Dataset excerpt
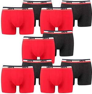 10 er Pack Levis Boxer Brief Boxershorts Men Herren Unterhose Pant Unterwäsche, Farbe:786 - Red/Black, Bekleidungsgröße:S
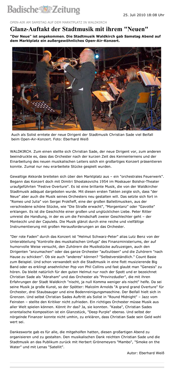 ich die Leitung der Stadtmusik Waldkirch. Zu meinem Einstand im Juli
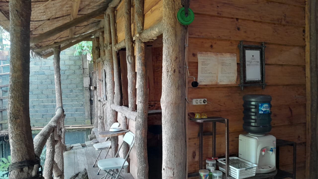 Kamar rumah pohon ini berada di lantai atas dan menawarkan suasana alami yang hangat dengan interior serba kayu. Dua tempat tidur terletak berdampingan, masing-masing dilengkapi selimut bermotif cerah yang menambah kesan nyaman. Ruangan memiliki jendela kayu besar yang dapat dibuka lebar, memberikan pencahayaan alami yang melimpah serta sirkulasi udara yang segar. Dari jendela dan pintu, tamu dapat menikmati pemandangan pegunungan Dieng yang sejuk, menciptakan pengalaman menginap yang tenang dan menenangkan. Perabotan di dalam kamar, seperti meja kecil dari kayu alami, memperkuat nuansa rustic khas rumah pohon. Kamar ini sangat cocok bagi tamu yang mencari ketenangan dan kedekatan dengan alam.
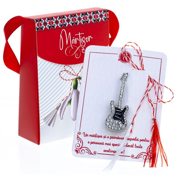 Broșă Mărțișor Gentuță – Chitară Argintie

Task objective
With the pictures removed, write the listing out word for word.

Task result
 10 er Pack Levis Boxer Brief Boxershorts Men Herren Unterhose Pant Unterwäsche, Farbe:786 - Red/Black, Bekleidungsgröße:S
 ich die Leitung der Stadtmusik Waldkirch. Zu meinem Einstand im Juli
 Kamar rumah pohon ini berada di lantai atas dan menawarkan suasana alami yang hangat dengan interior serba kayu. Dua tempat tidur terletak berdampingan, masing-masing dilengkapi selimut bermotif cerah yang menambah kesan nyaman. Ruangan memiliki jendela kayu besar yang dapat dibuka lebar, memberikan pencahayaan alami yang melimpah serta sirkulasi udara yang segar. Dari jendela dan pintu, tamu dapat menikmati pemandangan pegunungan Dieng yang sejuk, menciptakan pengalaman menginap yang tenang dan menenangkan. Perabotan di dalam kamar, seperti meja kecil dari kayu alami, memperkuat nuansa rustic khas rumah pohon. Kamar ini sangat cocok bagi tamu yang mencari ketenangan dan kedekatan dengan alam.
 Broșă Mărțișor Gentuță – Chitară Argintie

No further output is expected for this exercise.